How to complete this task:
From the listing below, retype exactly the line holding "2、万手单卖出多笔,尤其是万", the line holding "مدخل الشقة يعكس", and the lines between them; skip everything else.

***** Records supplied

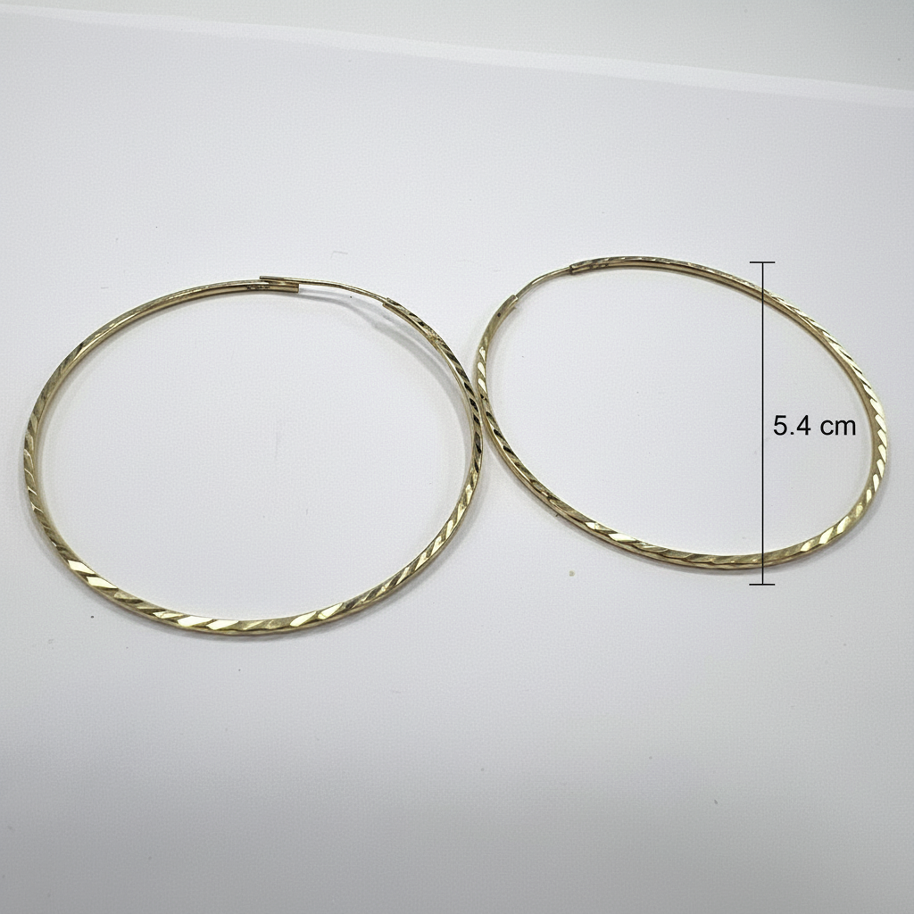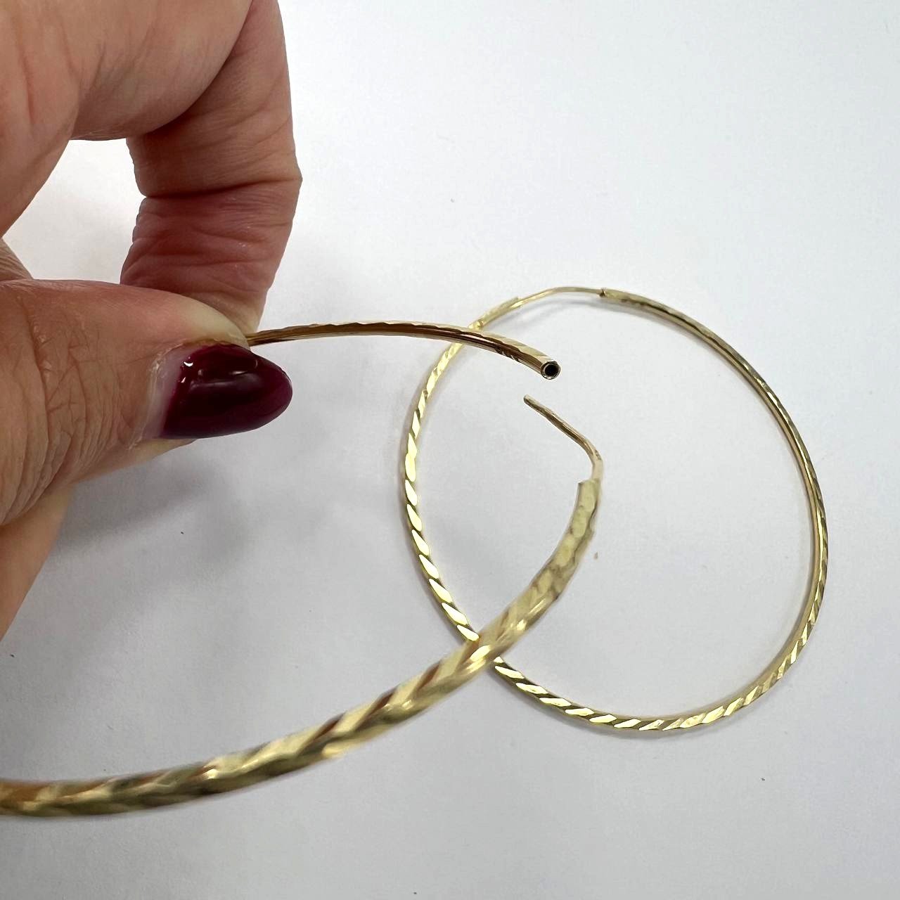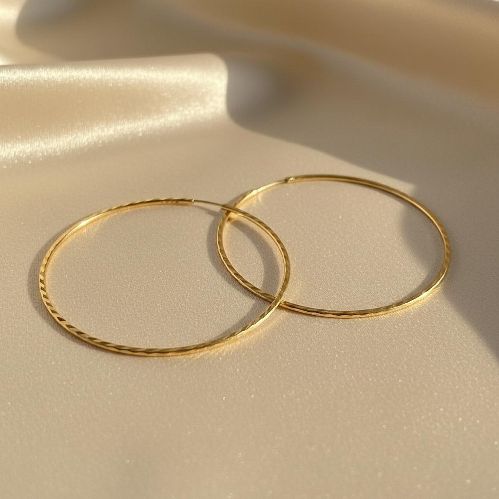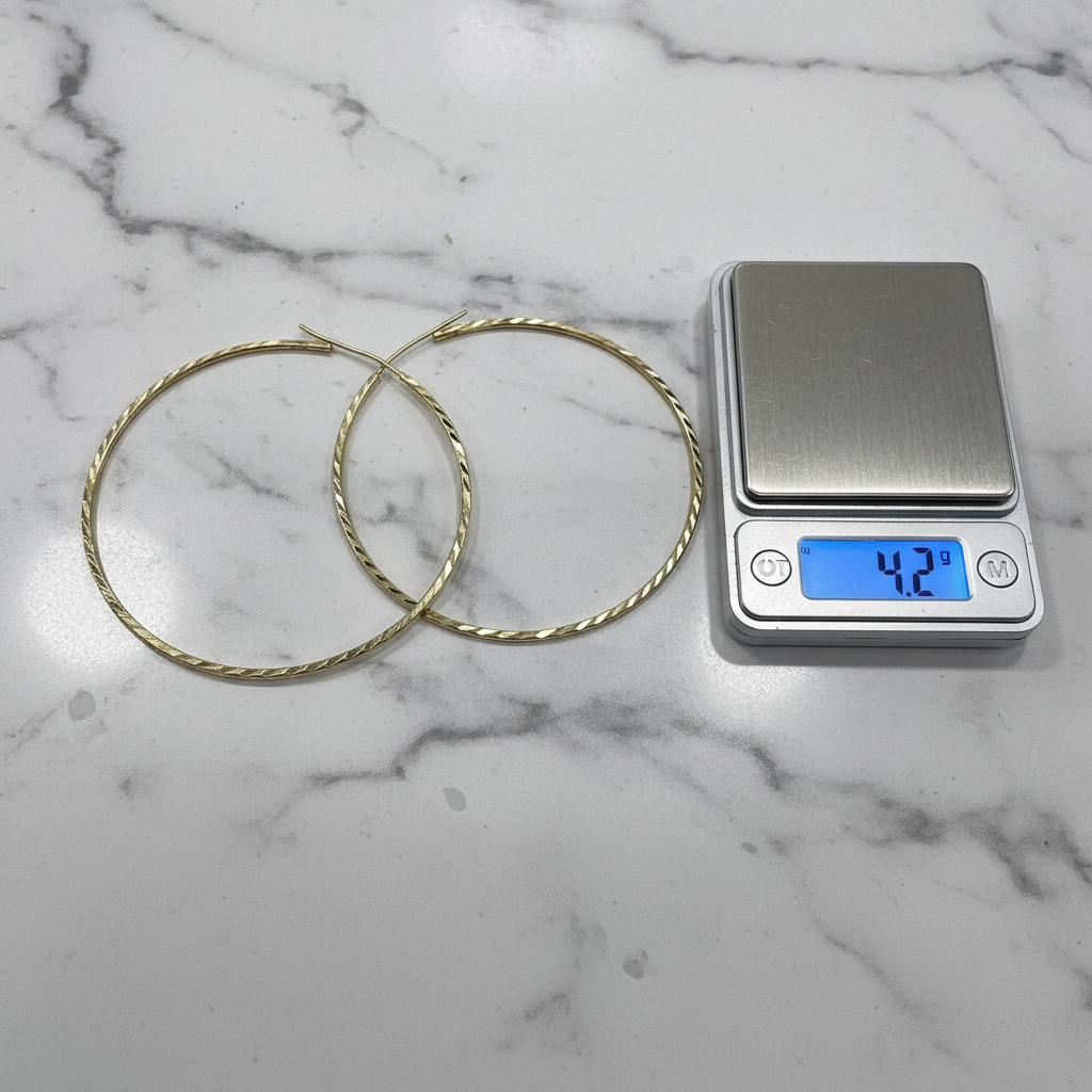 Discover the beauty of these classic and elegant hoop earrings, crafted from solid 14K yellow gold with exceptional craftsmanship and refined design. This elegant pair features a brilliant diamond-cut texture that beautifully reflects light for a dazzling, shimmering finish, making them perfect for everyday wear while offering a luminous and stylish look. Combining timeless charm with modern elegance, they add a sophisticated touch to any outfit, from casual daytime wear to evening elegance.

**********
***** Records supplied

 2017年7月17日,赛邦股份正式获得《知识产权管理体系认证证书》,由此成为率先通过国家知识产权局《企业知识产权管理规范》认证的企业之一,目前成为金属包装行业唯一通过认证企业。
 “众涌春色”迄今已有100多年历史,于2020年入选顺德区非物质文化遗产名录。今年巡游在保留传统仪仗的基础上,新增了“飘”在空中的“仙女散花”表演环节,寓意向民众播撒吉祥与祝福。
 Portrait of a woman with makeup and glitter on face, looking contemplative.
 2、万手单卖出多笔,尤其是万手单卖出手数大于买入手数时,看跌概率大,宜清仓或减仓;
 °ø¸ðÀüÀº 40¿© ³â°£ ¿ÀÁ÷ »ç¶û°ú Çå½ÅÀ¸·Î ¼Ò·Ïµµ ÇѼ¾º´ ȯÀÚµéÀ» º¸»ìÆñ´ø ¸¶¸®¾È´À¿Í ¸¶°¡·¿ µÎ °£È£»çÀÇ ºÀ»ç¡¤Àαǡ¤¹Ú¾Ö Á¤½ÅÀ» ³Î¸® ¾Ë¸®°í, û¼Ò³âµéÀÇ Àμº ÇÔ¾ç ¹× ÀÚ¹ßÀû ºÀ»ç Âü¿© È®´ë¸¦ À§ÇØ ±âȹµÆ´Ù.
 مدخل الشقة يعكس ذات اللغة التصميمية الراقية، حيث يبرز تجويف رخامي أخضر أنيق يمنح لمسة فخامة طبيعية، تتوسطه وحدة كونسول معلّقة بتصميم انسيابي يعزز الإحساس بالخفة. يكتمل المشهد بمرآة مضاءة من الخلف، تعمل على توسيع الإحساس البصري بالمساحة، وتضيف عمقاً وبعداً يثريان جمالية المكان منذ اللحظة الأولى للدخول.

**********

Solution for this task:
 2、万手单卖出多笔,尤其是万手单卖出手数大于买入手数时,看跌概率大,宜清仓或减仓;
 °ø¸ðÀüÀº 40¿© ³â°£ ¿ÀÁ÷ »ç¶û°ú Çå½ÅÀ¸·Î ¼Ò·Ïµµ ÇѼ¾º´ ȯÀÚµéÀ» º¸»ìÆñ´ø ¸¶¸®¾È´À¿Í ¸¶°¡·¿ µÎ °£È£»çÀÇ ºÀ»ç¡¤Àαǡ¤¹Ú¾Ö Á¤½ÅÀ» ³Î¸® ¾Ë¸®°í, û¼Ò³âµéÀÇ Àμº ÇÔ¾ç ¹× ÀÚ¹ßÀû ºÀ»ç Âü¿© È®´ë¸¦ À§ÇØ ±âȹµÆ´Ù.
 مدخل الشقة يعكس ذات اللغة التصميمية الراقية، حيث يبرز تجويف رخامي أخضر أنيق يمنح لمسة فخامة طبيعية، تتوسطه وحدة كونسول معلّقة بتصميم انسيابي يعزز الإحساس بالخفة. يكتمل المشهد بمرآة مضاءة من الخلف، تعمل على توسيع الإحساس البصري بالمساحة، وتضيف عمقاً وبعداً يثريان جمالية المكان منذ اللحظة الأولى للدخول.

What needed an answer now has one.